# Happy Birthday To Me



## harson (Oct 21, 2011)

That,s me a big 41 now cant wait for the postman to bring some goodies.


----------



## newconvert (Dec 12, 2011)




----------



## Charles (Aug 26, 2010)

Indeed, a very hapy birthday to you, young fella!

Cheers ..... Charles


----------



## Setarip (Mar 27, 2012)

Happy Birthday! What ya get?


----------



## treefork (Feb 1, 2010)

HAPPY BIRTHDAY HARSON!


----------



## Rockape66 (Dec 18, 2011)

Happy Birthday, John!


----------



## rockslinger (Nov 16, 2010)

Happy Birthday!


----------



## tnflipper52 (Jan 26, 2012)

41, seems like a long time ago, and it was. Happy birthday and many more to come.


----------



## Jaxter (Jan 23, 2012)

Happy birthday to you, happy birthday to you, happy birthday to harson happy birthday to you.


----------



## akmslingshots (Mar 2, 2012)

happy birthday sir! was that 21 you said


----------



## quarterinmynose (Jan 21, 2012)

Missed this post yesterday, but......HAPPY BIRTHDAY!!!


----------



## Dayhiker (Mar 13, 2010)

Happy Birthday!!!


----------



## Viper010 (Apr 21, 2012)

happy b-day bro! and many more to come!


----------



## Mr.Teh (Feb 28, 2012)

Best wishes and health to you ,happy b- day...Mr.Teh


----------



## harson (Oct 21, 2011)

Well i was late home from work today and the postie had left this lot for me ,a trio of stunning slingshots made by the master of his craft andy the one and only AKM SLINGSHOTS i realy dont know what to say about the quality of these ,you guys can judge for yourself,s , i ordered a sling for my birthday and andy gave me a good deal that included one of his stunning ltd edition saleos ,i got a surprise when i opened up and saw that he had included a lovely cherry natural as a gift for my birthday ,well here they are ,enjoy.


----------



## akmslingshots (Mar 2, 2012)

Yeah, I remembered you asking about that one.

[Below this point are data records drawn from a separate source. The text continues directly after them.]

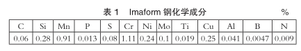 研究用钢采用连铸工艺生产,钢种牌号为Imaf orm(其化学成分见表1),它是专门为汽车工业而开发的,主要用于热锻,尤其是热成形。这种钢具有良好的力学性能、疲劳强度和切削性能。其中一个优势是热锻后不需要回火处理。室温下平均抗拉强度和夏比V型冲击韧性分别在950-1050MPa和60-100J。淬火后硬度(HV)为290-360。试验用Imaf orm钢为直径30mm的锻棒。
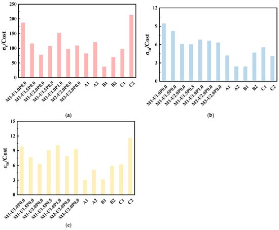 Table 8 shows the costs of raw materials used in hybrid fiber EGCs, based on bulk commodity prices for laboratory-purchased raw materials. Note that the prices for laboratory-purchased raw materials are generally higher in terms of purchasing amount and shipping costs. Table 9 compares the hybrid EGC mix proportions studied here, focusing on key axial compression and tension performance parameters (compressive strength , tensile strength , ultimate tensile strain ) as economic indicators. The impact of different PVA/PE ratios on the economic efficiency of EGCs with hybrid fibers was analyzed, with the price of oiled PVA fibers sourced from reference [45]. Cost comparisons with EGCs from other studies were also conducted [27,46,47]. However, shear bond strength data are not included in the reported comparison because variations in casting methods, interface roughness, and test methods significantly affected the bonding performance of the EGC–concrete interface.
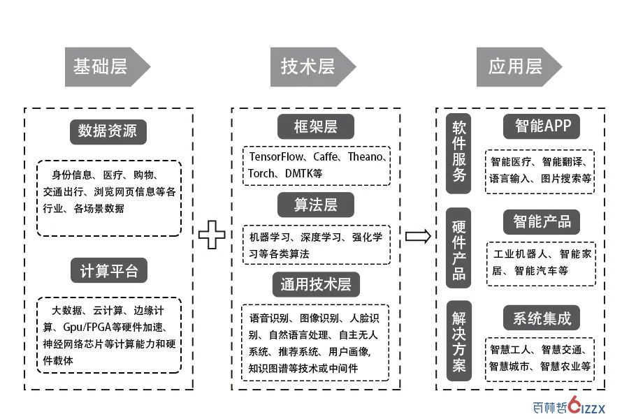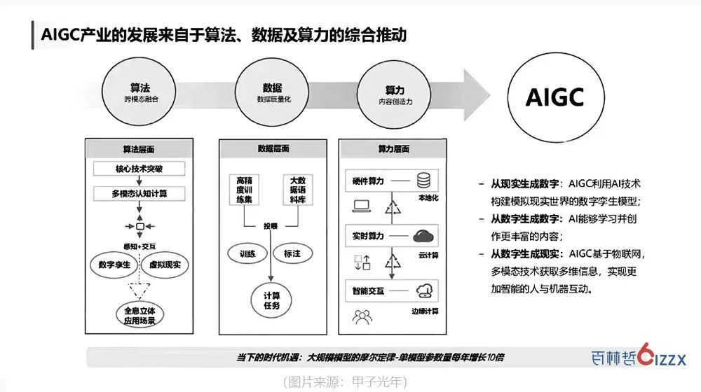 (图片源自:《算力时代》)AI产业布局在生活方方面面,如智能医疗、智能金融、智慧教育、智慧交通、智能家居、智能零售等,算力最为AI技术发展的保障,反过来促进算力的技术革新。AI模型和算法对分布式、分散式的需求,以及超大规模的复杂模型处理海量数据,都需要高性能计算机的并行计算做支撑。OpenAI数据显示,AI算力以每年10倍速度增长么,意味着2021年以来,大规模AI训练计算量呈指数级增长,远远快于芯片的摩尔定律。国际数据也公布,计算作为AI的关键,算力突破推动算法创新,也会促进第三次深度学习发展浪潮。随着AI边缘应用发展,工业、安防、物联网、多媒体、自动驾驶、移动互联等成熟落地,AI应用会从云端走向边缘,与此同时,量子计算也会是增强新能量的思路,融合公共算力服务、产业聚集以及生态建设,各个企业计算中心也会成为智能时代关键设施。算力发展为大数据提供了很强大的技术保障。
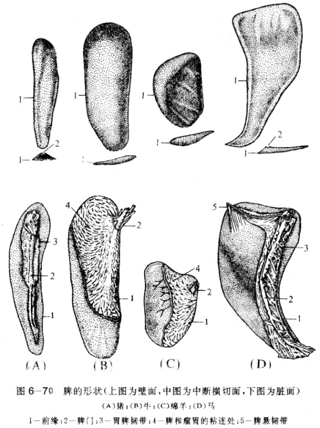 脾是体内最大的淋巴器官,分布在血液循环的经路上。各种家畜的脾均位于腹前部、胃或瘤胃的左侧。猪的脾呈狭而长的条状,牛的呈长而扁的椭圆形,羊的脾呈扁的纯三角形羊脾呈扁平的钝三角形。脾由间质和实质构成。间质包括表面的被膜和伸入实质的小梁,形成网状支架。实质由白髓和红髓组成。
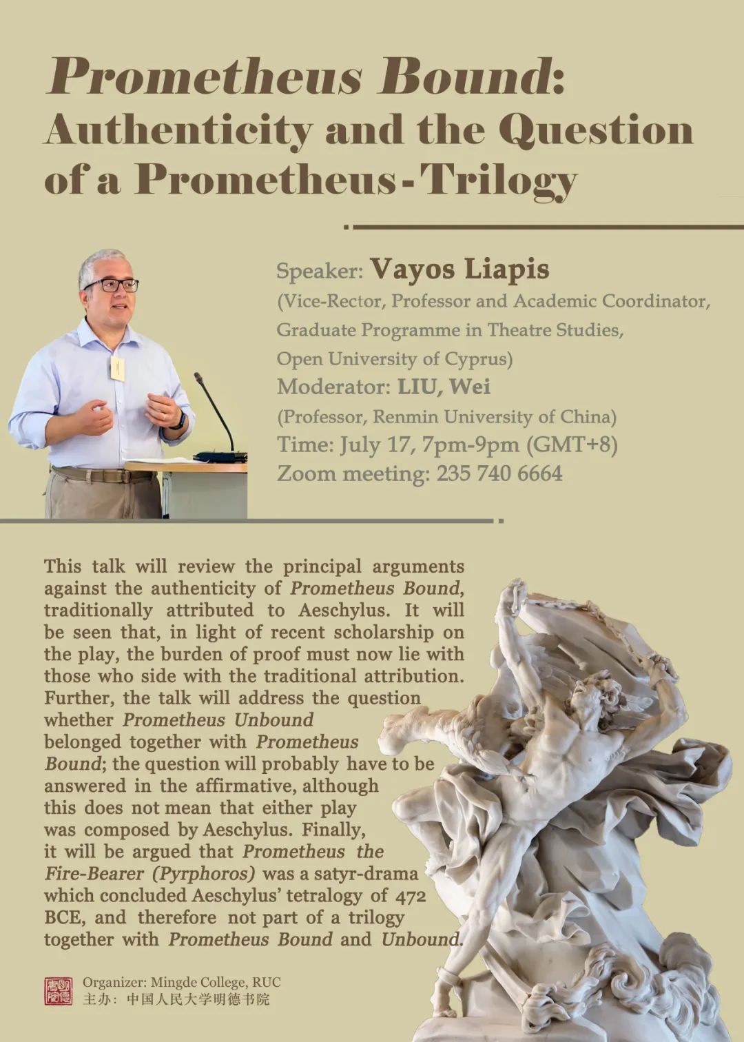 为配合明德读书会·埃斯库罗斯悲剧系列,结合“明德行思·中希文明互鉴”研学项目,番茄小说 邀请塞浦路斯开放大学副校长、古希腊悲剧研究专家瓦约斯·利亚皮斯教授带来关于《被缚的普罗米修斯》的讲座,讨论这部经典悲剧是否确为埃斯库罗斯所做以及“普罗米修斯三联剧”的相关内容。
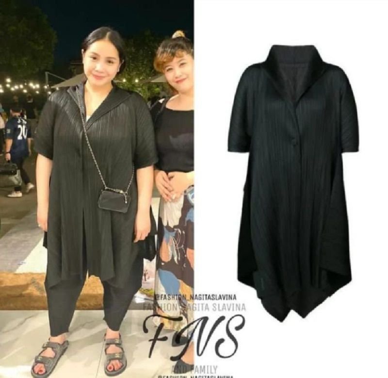 “#NagitaSlavina wearing #PleatsPleaselsseyMiyake ‘Pleated Flared Coat’ from modesens.com $790 / 11.300.000 IDR,” tulis captions akun tersebut.
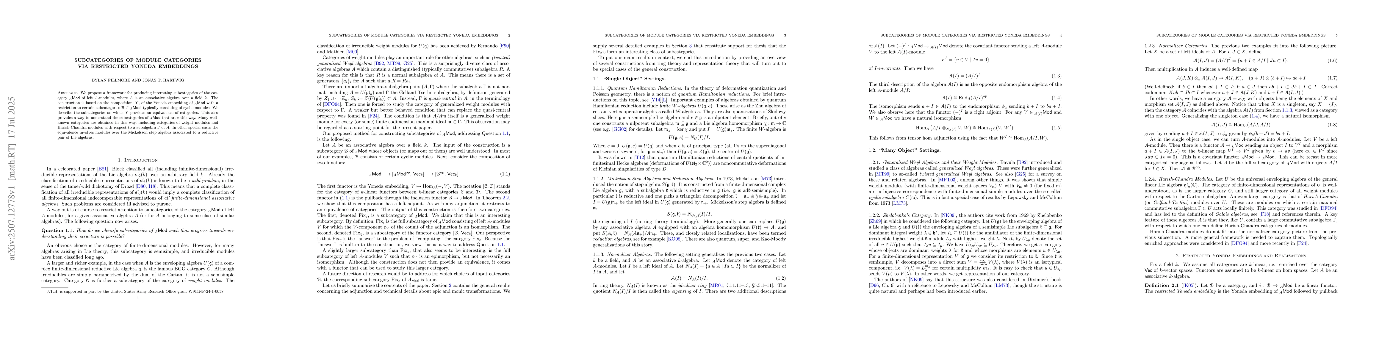 We propose a framework for producing interesting subcategories of the category ${}_A\mathsf{Mod}$ of left $A$-modules, where $A$ is an associative algebra over a field $k$. The construction is based on the composition, $Y$, of the Yoneda embedding of ${}_A\mathsf{Mod}$ with a restriction to certain subcategories $\mathcal{B}\subset {}_A\mathsf{Mod}$, typically consisting of cyclic modules. We describe the subcategories on which $Y$ provides an equivalence of categories. This also provides a way to understand the subcategories of ${}_A\mathsf{Mod}$ that arise this way. Many well-known categories are obtained in this way, including categories of weight modules and Harish-Chandra modules with respect to a subalgebra $\Gamma$ of $A$. In other special cases the equivalence involves modules over the Mickelsson step algebra associated to a reductive pair of Lie algebras.

I am so pleased you are happy with what you have received John. That is what inspires me.

The natural took a fair amount of fabricating, look closely and you will see the thin spacers in there









I will PM you the wood types when my cameras batteries are charged


----------



## harson (Oct 21, 2011)

PLEASED is an understatement there was a tear in my eye !


----------



## harson (Oct 21, 2011)

I was out the back shooting with these tonight and boy they are good,the blackthorn natural andy made me fits my hand perfect.


----------



## akmslingshots (Mar 2, 2012)

Glad it fits my friend, I nearly kept that one, you have number 3 and 8 lol


----------



## harson (Oct 21, 2011)

Glad you did not keep it .i love it ,dont worry it will be well looked after here.


----------